There are also proceedings in the UPC where an application for an interim injunction is to be heard in the near future and where proceedings on the merits are intended to take place next year and probably, according to the evidence I have, in the second or third quarter of next year.

The litigation is about an antibody drug called eculizumab, which is used in the treatment of a number of rare diseases. The details are not specifically important but two of the indications that the drug is used for are called “PNH” and “aHUS”. Alexion has marketed eculizumab under the name Soliris for many years. Samsung and Amgen now have biosimilars and it is that that has led to litigation between the parties.

Alexion has had product protection for eculizumab for many years and it is a major feature of the positions taken by Samsung and Amgen, that it cannot be right that the Patent can give Alexion refreshed rights over the antibody for which it has already had protection. I decline to get into the details of this today. I understand, of course, that it is a major part of the narrative of Samsung and Amgen, but neither submits that it is a matter that is capable of summary judgment and it is, therefore, an issue ultimately for trial, along with the various other attacks on the Patent to which I will come, and it forms part of the basis of a file wrapper estoppel plea made by Amgen concerning events and statements which took place in the course of prosecution and opposition in the EPO.

The law on expedition has been considered in a number of cases familiar now in the Patents Court and there is little dispute about it before me today. The key authority is the well-known decision of the Court of Appeal in WL Gore & Associates v Geox [2008] EWCA Civ 622 which has been reviewed on a number of occasions including by Mellor J in Abbott v Dexcom [2021] EWHC 2245 and by me in cases including Teva v Janssen [2021] EWHC 1922 (Pat).

The four key headings from Gore are: (1) whether the applicants have shown good reason for expedition; (2) whether the expedition would interfere with the good administration of justice; (3) whether expedition would cause prejudice to the party; and (4) whether there are any other special factors.

A point which sometimes comes up in these cases concerns whether the first stage of the test is a threshold or not. That was considered by the Court of Appeal in a case called Petter v EMC [2015] EWCA Civ 480 which I considered in the recent decision which I gave in DISH v Aylo [2024] EWHC 1310 (Pat) which was only reported very recently if at all and which as a result had not come to the attention of the parties today, and where I held that it was necessary for the applicant for expedition to cross a threshold and show some objectively ascertainable urgency before the other factors fall to be considered. I accept the submission by Mr. Ivison that that is a degree of urgency is a discrete matter that has to be considered and that listing is not simply an exercise in triage, weighing up all the factors applicable to each case as it comes in.
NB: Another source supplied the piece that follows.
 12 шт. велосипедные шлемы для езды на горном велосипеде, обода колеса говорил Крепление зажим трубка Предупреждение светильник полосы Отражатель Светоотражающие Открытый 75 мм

At the same time, in Teva v Janssen, to which I have referred already at paragraph 6, I said that the matters which fall to be considered in relation to expedition lie on a sliding scale and I adhere to that. I do not think it is inconsistent with what the Court of Appeal said in Petter or indeed what I said in DISH v Aylo. Sometimes there is a high degree of need for a really major degree of expedition and sometimes less. But once an objective need for urgency has been shown, then the factors fall to be assessed in an analogue and not binary way.

Mr. Ivison also submitted that there are cases where there is a specific cliff edge sort of date, like a product launch or expiry of some relevant intellectual property right, and that if a case for expedition is not based around getting to trial before that sort of event, then it must be very dubious whether expedition is required at all.
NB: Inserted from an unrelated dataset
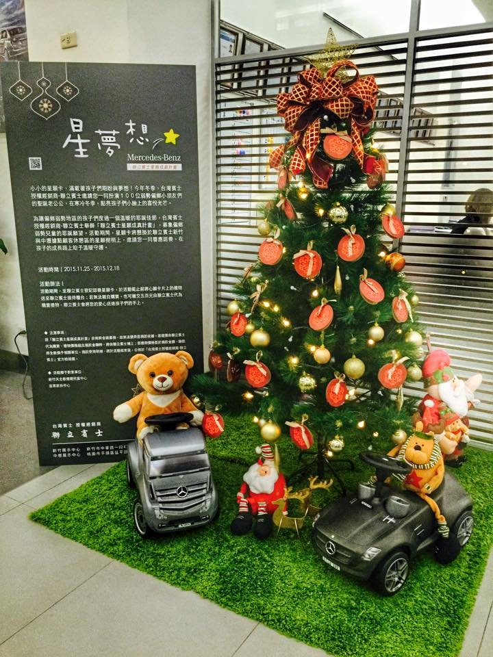 即日起至12月18日止,聯立賓士「星願成真」計畫會將所募集到的偏鄉弱勢兒童的耶誕願望,紀錄在「星願卡」上,並懸掛於聯立賓士新竹與中壢據點顧客休憩區的星願樹梢,邀請所有希望為孩子們盡一份心力的善心民眾,至聯立賓士登記認養。活動期間內,將心願卡片上的禮物送至聯立賓士接待櫃台;若無法親自購買,也可繳交五百元由聯立賓士代購禮物,若禮物金額超出捐款金額,則由聯立賓士捐款補助。不論何種方式,聯立賓士將會把民眾的愛心,親手傳遞給新竹天主教德蘭兒童中心及苗栗家扶中心的孩子們手上,讓他們也能在寒冷的冬天,感受到希望與一份最真實的溫暖。

I reject that in the stark terms in which it was put. Certainly there are cases, as Mr. Whyte for Samsung accepted, where there is a very discrete date and if a trial does not take place before that date there is no point in expediting it at all. But if a case does not fall within that sort of category there can still, in my view, be an adequate need for expedition if, for example, there is a continuing harm accruing over time which can reasonably be thought possible to bring to an end by having a trial and obtaining a decision.
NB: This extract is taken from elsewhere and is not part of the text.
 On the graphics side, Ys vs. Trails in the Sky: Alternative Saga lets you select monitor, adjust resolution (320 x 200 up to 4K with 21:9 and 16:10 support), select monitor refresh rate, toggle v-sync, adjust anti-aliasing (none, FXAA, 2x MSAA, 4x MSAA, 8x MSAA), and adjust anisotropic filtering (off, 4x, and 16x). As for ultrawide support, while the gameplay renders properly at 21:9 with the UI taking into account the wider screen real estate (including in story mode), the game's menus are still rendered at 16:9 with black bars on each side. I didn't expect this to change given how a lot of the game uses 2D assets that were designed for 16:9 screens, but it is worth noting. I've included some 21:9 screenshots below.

In the present case, what Samsung says – and I bear in mind that it is Samsung's burden to satisfy me that there should be expedition – is that the market for eculizumab is a small one in which the relevant decision makers have a good knowledge of what is going on, not just in the UK, but abroad, and that steps taken by Alexion to bring its patent rights to the attention of national authorities and individual prescribers will have inhibited them, or may inhibit them, from choosing Samsung's biosimilar product because those people will be concerned that if they switch to Samsung's product and then Alexion prevails in litigation, they would have the undesirable task of switching their patients back, which it is said by Samsung, with the support of evidence from Mr. Parker of Simmons and Simmons, Samsung’s solicitors, is not as easy to do as it would be with small molecule drugs. Samsung's position, therefore, is that there is going to be a continuing chilling effect of the existence of this litigation in the minds of decision-makers and prescribers.

Alexion's response to that is that whilst it has contacted the NHS and indeed individual clinicians in Germany, those events have taken place and are now in the past and it has no intention of contacting prescribers in this country. I add by way of parenthesis that there are only a very small number of centres, I was told there are two in the case of PNH, in the UK where patients with these conditions are treated.

My attention was also drawn to two letters sent to the NHS by Alexion, drawing the NHS’s attention to the existence of Alexion’s patent rights, which are said by Alexion in its skeleton and in the evidence of Dr. Stothers of Freshfields to be “unremarkable”. Certainly they met with a robust response from the NHS, which has gone on to consider tenders by Samsung and by Amgen, which mean that it is now possible for both of those companies to sell their biosimilar products in the UK. I will have to return to consider in a moment whether that gives rise to a sufficient need for expedition.

The other factual matters that I need to consider in connection with the application are these: first of all, the UPC proceedings. I have given the rough timetable for those already. There will be no injunction gap in the UPC proceedings, or at least none is alleged, but Samsung do say that if Alexion is able to get an interim injunction in the UPC which, of course, will be resisted, then that will emphasise what it says is the chilling effect in the UK to which I have already referred. Samsung also says that it would be desirable to obtain a decision from this court in advance of the UPC decision on the merits in Q2 or Q3 next year.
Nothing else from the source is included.